Source: https://securityonline.info/streaming-sabotage-malicious-packagist-themes-vietnamese-ophimcms/
💡 Key Takeaway: Translate this into a concrete action this week: reduce exposure, improve detection, and validate the control that is supposed to stop this exact failure mode.
CISA Flags Wing FTP Server Flaw as Actively Exploited in Attacks
CISA warned U.S. government agencies to secure their Wing FTP Server instances against an actively exploited vulnerability that may be chained in remote code execution attacks.
💡 Key Takeaway: Treat this as an active exposure-management problem: identify reachable systems, patch or mitigate by risk tier, and review telemetry for evidence of attempted exploitation.

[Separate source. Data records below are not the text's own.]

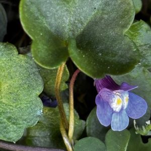 🌱💙💜野に咲く花💜💙🌱 (道端のブロック塀) 花は小さく約8mm 唇形花 花の後部には短い距(きょ)がある。 葉っぱは手を広げたような形 つるでどんどん伸びます🎶 蔦葉海蘭(つたばうんらん) オオバコ科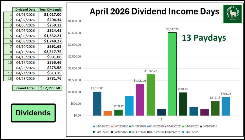 Although the month isn’t over yet, there have been thirteen income days from dividends. The total MTD dividends are $12,199. The fifteenth of the month is generally a good one, as some of the stocks that pay a monthly dividend pay on that day of the month. If you remember that April has eight weekend days, then there are only 22 “workdays” in the month, excluding any holidays or vacation days. Therefore, dividend income appeared on more than half of April’s working days.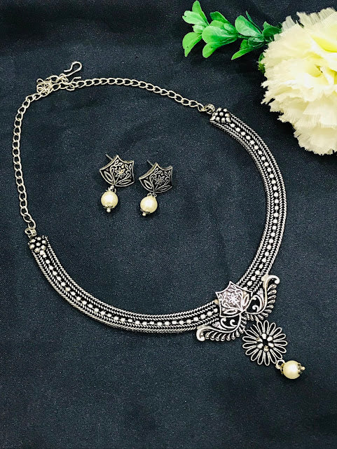 Charming White Beads Oxidized Necklace With Earrings Sets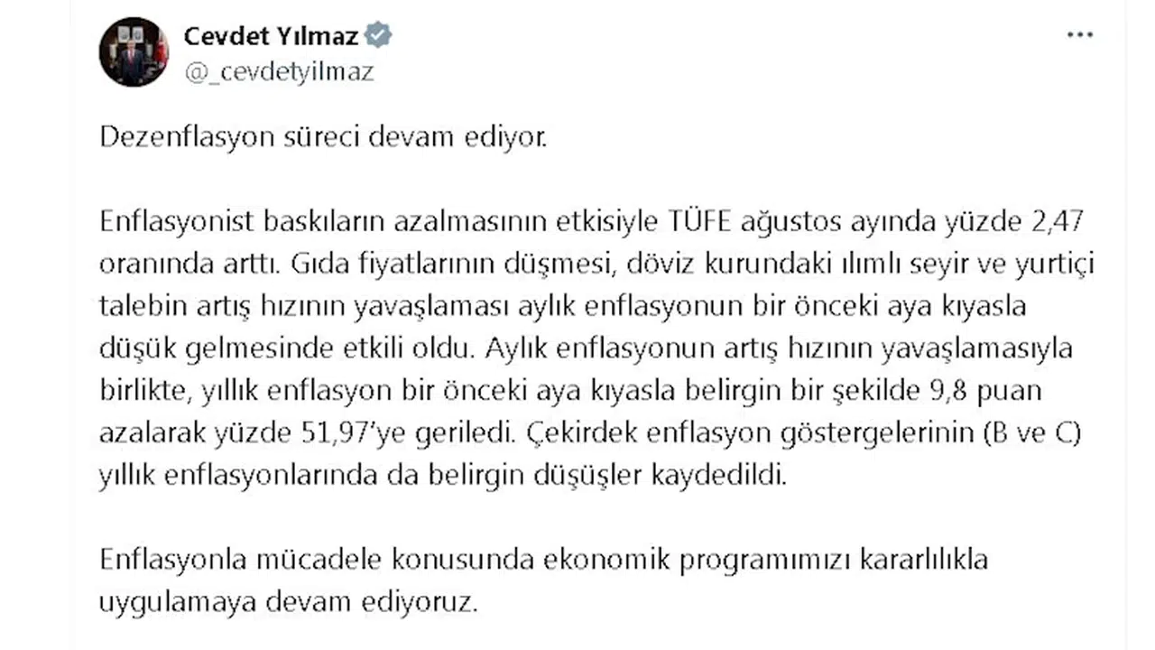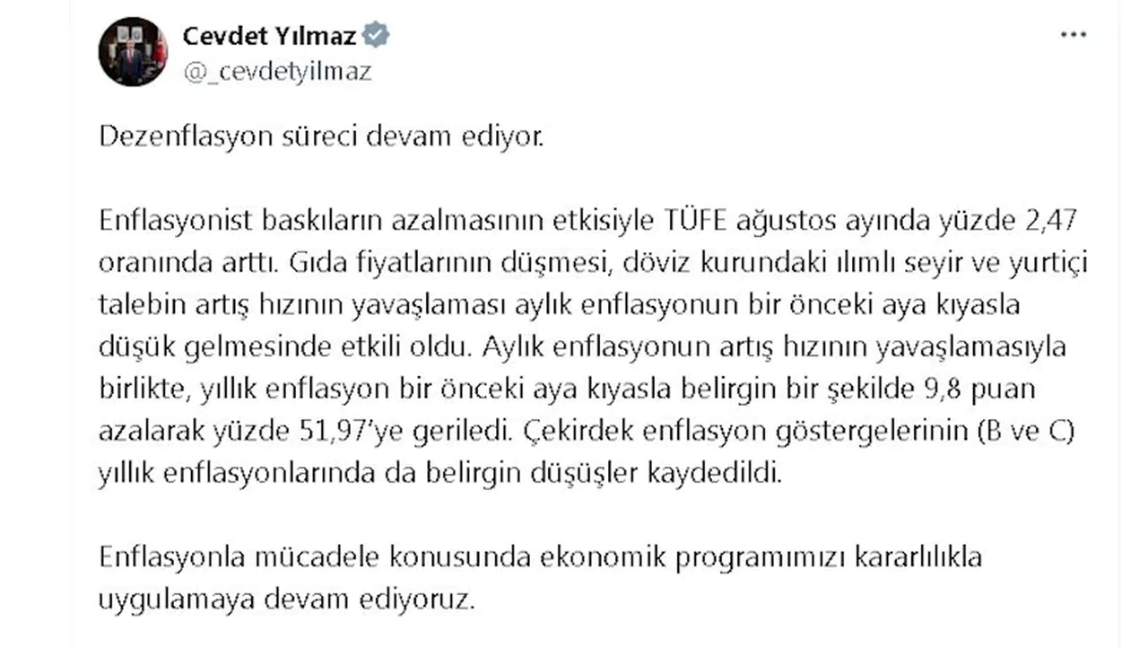 Cumhurbaşkanı Yardımcısı Cevdet Yılmaz, enflasyon verilerine ilişkin sosyal medya hesabından yaptığı açıklamada, "Dezenflasyon süreci devam ediyor. Enflasyonist baskıların azalmasının etkisiyle TÜFE ağustos ayında yüzde 2,47 oranında arttı. Gıda fiyatlarının düşmesi, döviz kurundaki ılımlı seyir ve yurt içi talebin artış hızının yavaşlaması aylık enflasyonun bir önceki aya kıyasla düşük gelmesinde etkili oldu. Aylık enflasyonun artış hızının yavaşlamasıyla birlikte, yıllık enflasyon bir önceki aya kıyasla belirgin bir şekilde 9,8 puan azalarak yüzde 51,97'ye geriledi. Çekirdek enflasyon göstergelerinin (B ve C) yıllık enflasyonlarında da belirgin düşüşler kaydedildi" ifadelerini kullandı.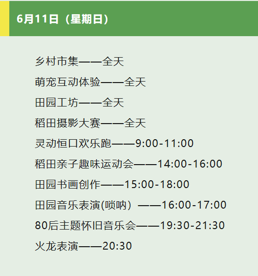 當(dāng)日,現(xiàn)場還舉辦了稻田拔河、稻田摸魚、稻田摔跤等娛樂活動和田園古箏表演、70后主題懷舊音樂會、火龍表演等演出活動,吸引眾多游客朋友前來打卡。6月11日,靈動恒口歡樂跑、親子趣味運(yùn)動會、嗩吶音樂表演、80后主題懷音樂會等活動精彩繼續(xù)......?
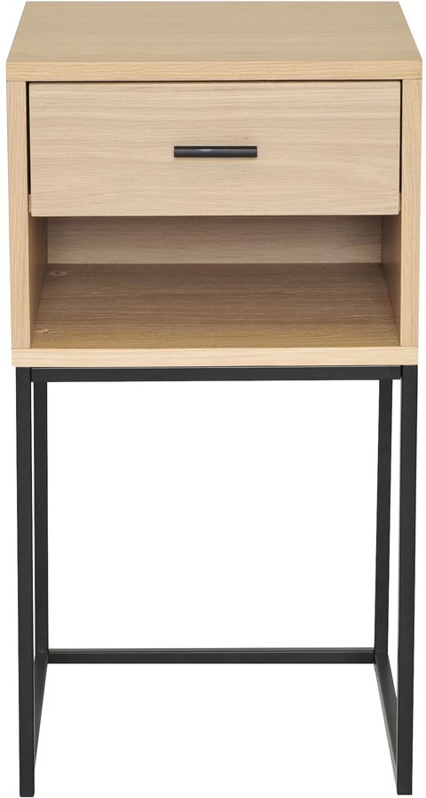 Yöpöytä laatikolla ja hyllyllä valkoista pigmentoitua tammiviilua ja alakehys mustaksi lakattua metallia.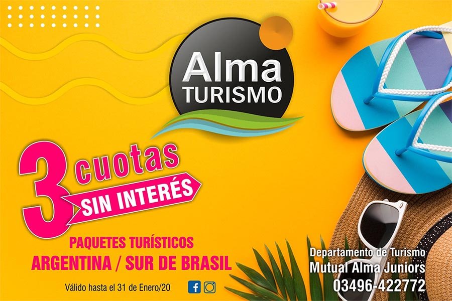 El área de Turismo de la Mutual Alma Juniors ofrece la oportunidad de armar tus vacaciones y financiarlas en tres cuotas sin intereses. Amplia variedad de opciones para visitar.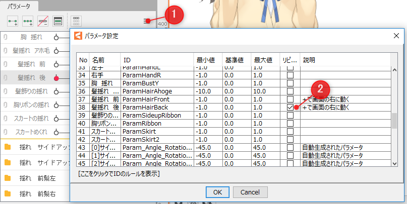 눈 깜빡임·립싱크를 설정한 파라미터는 반복을 설정할 수 없는 사양으로 되어 있습니다.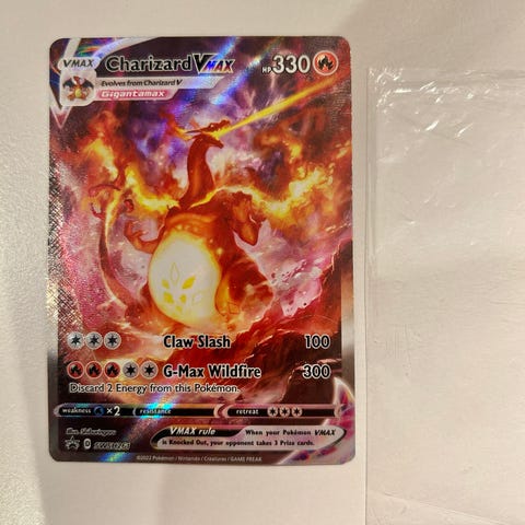 Pokemon Charizard VMAX samlekort. Ikke ratet, men er nok en 10'er. Perfekt stand. Efter kortet blev pakket ud, kom det direkte i fast sleeve og kun taget ud for at tage disse billeder. Sender gerne med forsikring for køber med “Fiks færdig” her i appen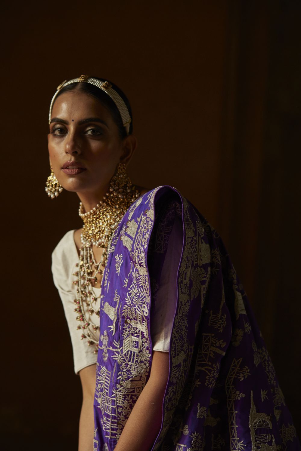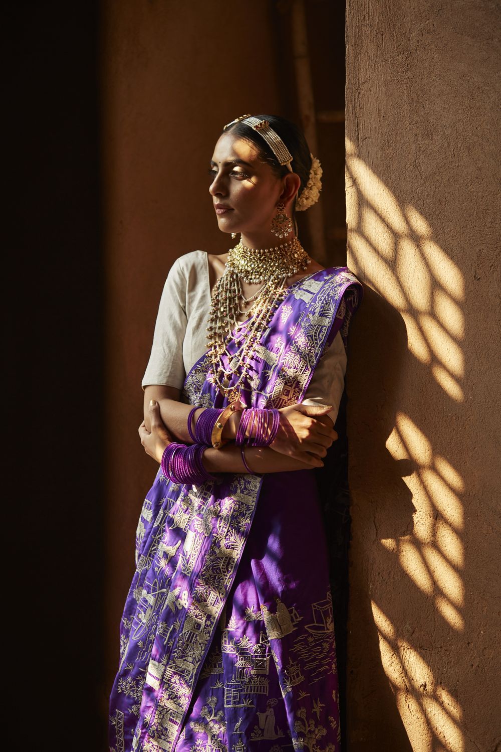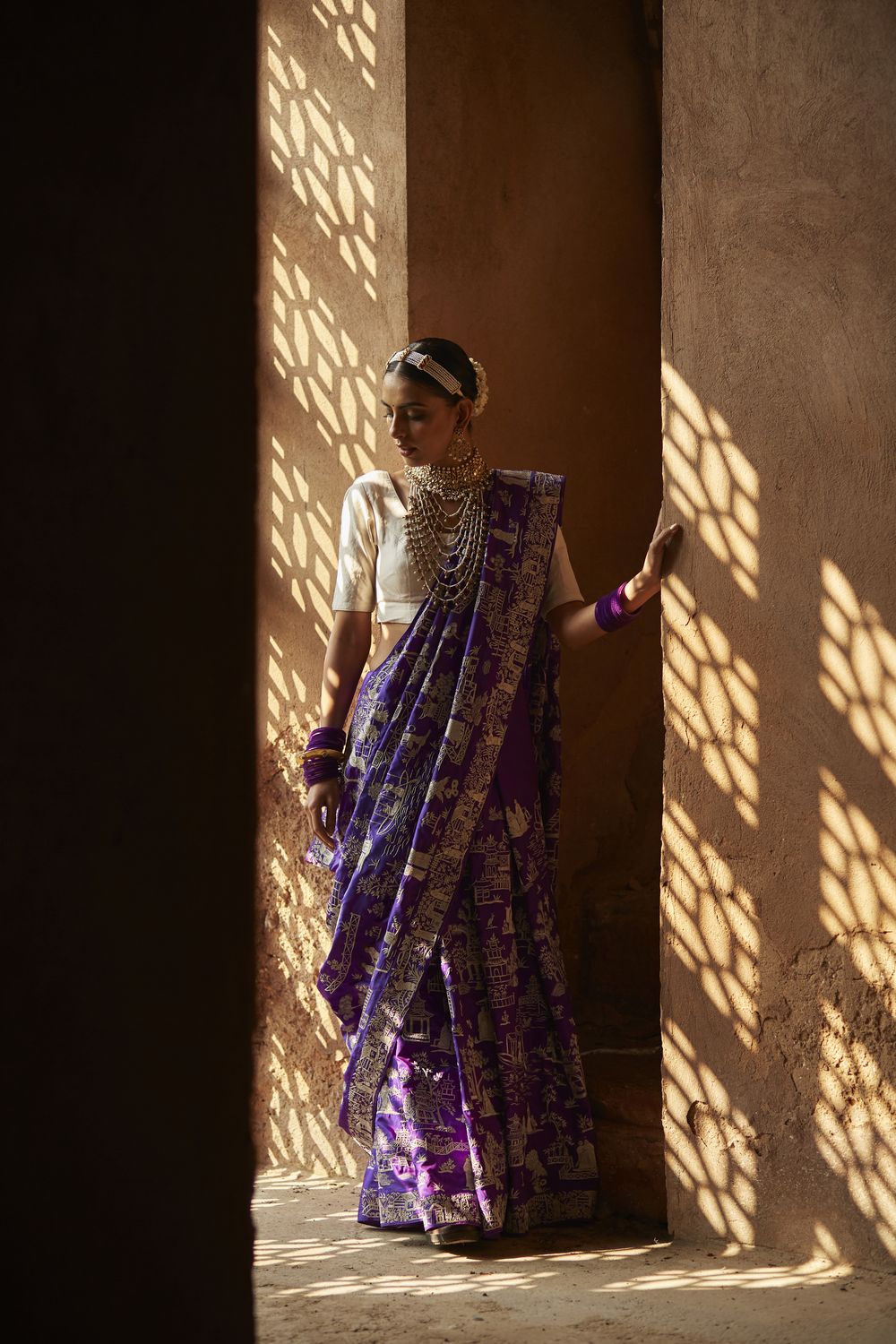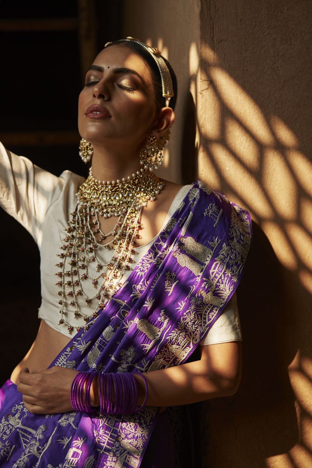 Meet our all-time-favourite Cheena Cheeni sari with the most astonishingly intricate embroidery story, in a new avatar, this time in royal purple or जामुनी रंग.

Authorities Takedown Global Proxy Network Socksescort
The botnet, which compromised routers and IoT devices in 163 countries, claimed about 369,000 victims and $5.8 million from its cybercriminal customers, officials said.
Source: https://cyberscoop.com/socksescort-proxy-network-botnet-takedown/
💡 Key Takeaway: Use this item to drive one practical change now: shrink the attack surface, tighten monitoring, or validate a control you have been assuming works.
⚔️ Actionable Defense Move of the Week
One-week Tier-zero Validation Loop
For every Tier-Zero patch this week (firewalls, MDM/EMM, VPN, IAM, backup): 1) verify the new version on-box, 2) confirm exposure is removed or allowlisted externally, 3) review 14 days of admin/auth/config logs for anomalies, and 4) rotate secrets if compromise is plausible.
Source: https://www.infosec.watch/
💡 Key Takeaway: Patching is step one—validation plus assumed-breach log review is step two.
🧠 Final Word
Final Word
This week’s stories reinforce that identity paths and trust boundaries remain a primary operational weak point; backup and recovery infrastructure is still part of the live attack surface. The broader pattern is that software supply chain abuse keeps creating asymmetric risk for defenders. The practical takeaway is to tighten exposed control planes, validate compensating controls, and review telemetry as if exploitation attempts are already in motion.